Kardeşlik ve Mülteciler
Geçen gün arkadaşın biri ile konuşurken Suriye’den gelen mülteciler için, ne biz Ensar olabildik ne de onlar Muhacir dedi!
Bu tespit çok doğru bir tespitti. Bu tespitin, doğruluğunun sebeplerini araştırıp anlamlandıramazsak sadece kısa bir ah vah edip geçiştirmiş oluruz. Bunun belli başlı sebepleri vardır. Bunlar şöyledir:
“Hicret” vahyin sıcaklığını, Peygamber Efendimizin kuşatıcı iklimini üzerinde taşıyordu. İman edenler zorlukları biliyor ve bu bilgide manipülasyon, dejenerasyon yok idi.

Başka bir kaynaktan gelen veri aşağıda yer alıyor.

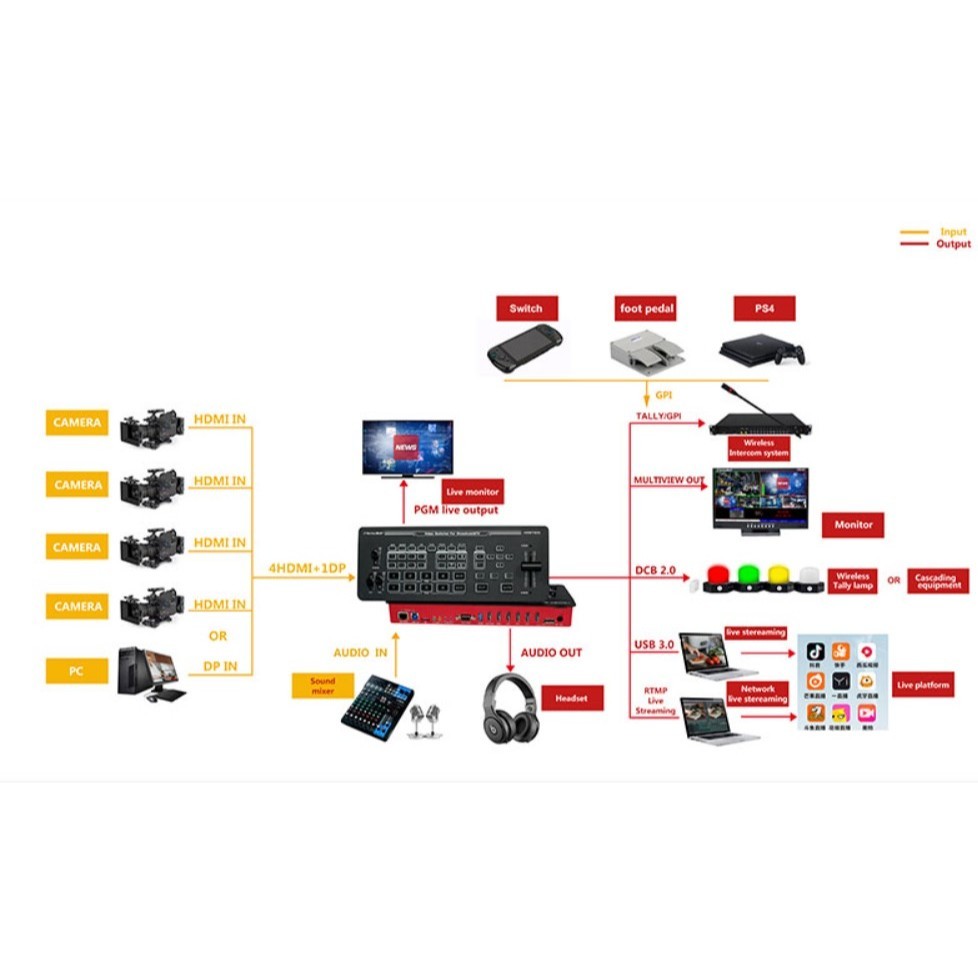 DeviceWell HDS7305 Video Switche เครื่องสลับสัญญาณภาพ 5-CH Video Switcher 4 * HDMI 1 * DP

Günümüzde vahyin sıcaklığını bırakın, emperyalist oyunlar ile yerli işbirlikçiler ve kuşatıcı özelliği olmayan sözüm ona liderler yüzünden kimse olayların farkında değil. Reklam ve imaj çağının özelliği her şey sanal zannediliyor. Gerçek diye sunulanların çoğu birililerinin zanlarından ve vehimlerinden ibaret. Bataklıktan çok sinekle uğraşılıyor.
Müslüman ülkelerin liderlerine bir bakın, bir çoğu bir emperyaliste sırtını dayamış her biri kendi hayal ve düşüncelerini en mükemmel, en insani, en mutlu edici düstur olarak sunma derdinde.

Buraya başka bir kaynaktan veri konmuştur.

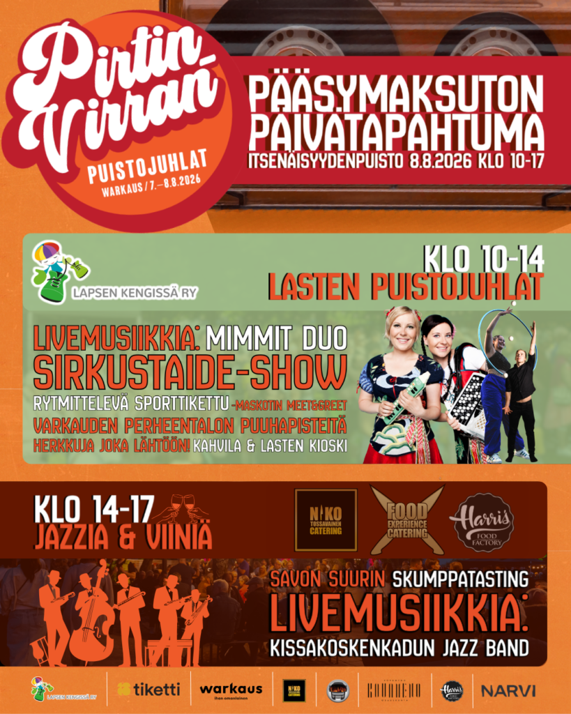 Pirtinvirran puistojuhlat valtaa Varkauden Itsenäisyydenpuiston jälleen 7.-8.2026!

Ayakları yere basmayan, hazırlığı yapılmayan, altyapısı oluşturulmayan her fikir, kurtarıcı diye öne atılıyor ve amiyane tabirle kurtlar sofrasına meze yapılıyor. Bir çoğu inancın değil paranın adamı olmuş.
Nebevi hicrette, önce gidenler gelenlere yardımcı olurken şimdiler de her koyun kendi bacağından asılır derdinde. Kimileri lüks rezidanslarda, avm de saltanat sürerken, kimileri köprü altlarında veya Küçükpazarın arka sokaklarında hiçte insani olmayan şartlarda hayat mücadelesi veriyor.

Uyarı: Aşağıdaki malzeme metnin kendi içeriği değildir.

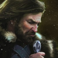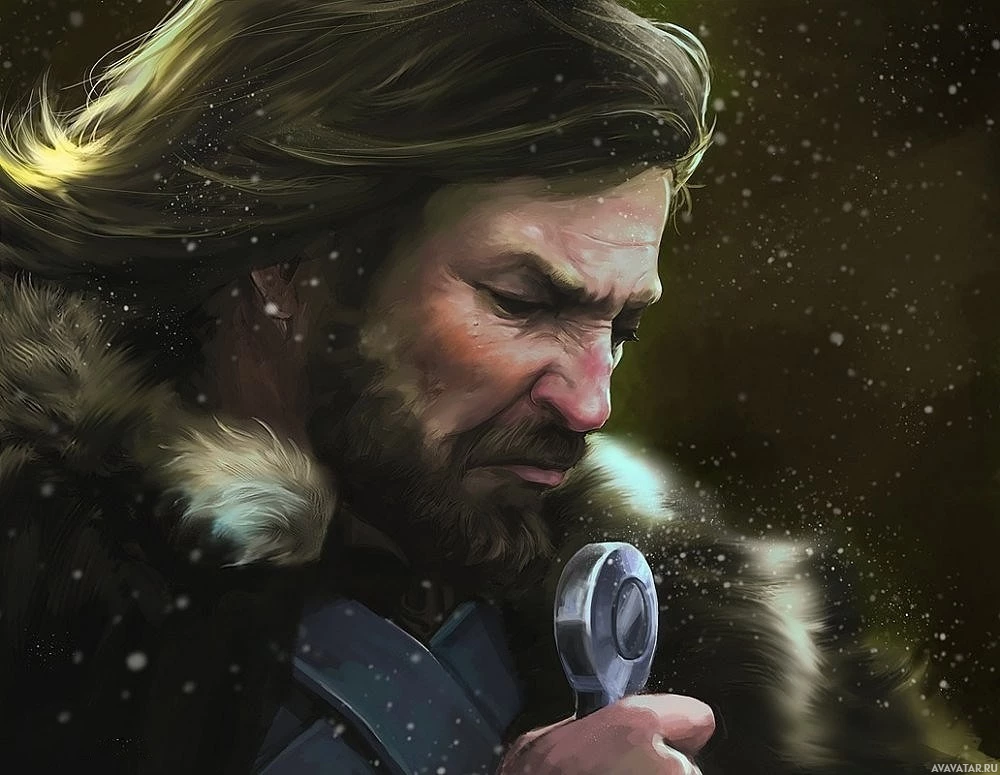 long hair and a beard, wearing what appears to be winter clothing appropriate for cold climates. His expression seems serious or focused as he looks off to the side. The setting suggests it could be

Birileri her Arap’ı Suriyeli zannetmeyin diyebilir. Bakkal değil devlet yönettiğini söyleyenler, pazarlamacılığı marifet sayanlar, dostunu düşmanını karıştıranlar bu zannın önüne geçmesi gerekenlerdir.
Cenâb-ı Hak buyuruyor:”Daha önceden Medine’yi yurt edinmiş ve gönüllerine imanı yerleştirmiş olan kimseler, kendilerine göç edip gelenleri severler ve onlara verilenlerden dolayı içlerinde bir rahatsızlık hissetmezler. Kendileri zaruret içinde bulunsalar bile onları kendilerine tercih ederler. Kim nefsinin cimriliğinden korunursa, işte onlar kurtuluşa erenlerdir.” (Haşr, 9)
Bu zorlu mücadelede durumu iyi olanlar yardım edip, öncülük etmediği gibi ahkâm kesmekten başka özelliği olmayan iş bilmez taifesi de bütün sorunlar çözülmüş edası ile demeç veriyor, daha da gelsinler diye beyanatlarda bulunuyor.
Bazı beyler, haram ve şaşalı kazançları ile her ay giyim eşyası ve üç beş ayda bir mobilya değiştirip, eskilerini sağa sola verip, vicdanlarını rahatlatıyor olabilir, kendilerince daha ne yapalım diyebilirler. Sadece susun ve düşünün, bir de adam olun başka bir şey istenmiyor sizden!
Rasûlullah (sav) buyurdular:
“Hiçbiriniz kendi nefsi için istediğini, mü’min kardeşi için de istemedikçe kâmil mü’min olamaz.” (Buhârî, Îman, 7; Müslim, Îman, 71-72)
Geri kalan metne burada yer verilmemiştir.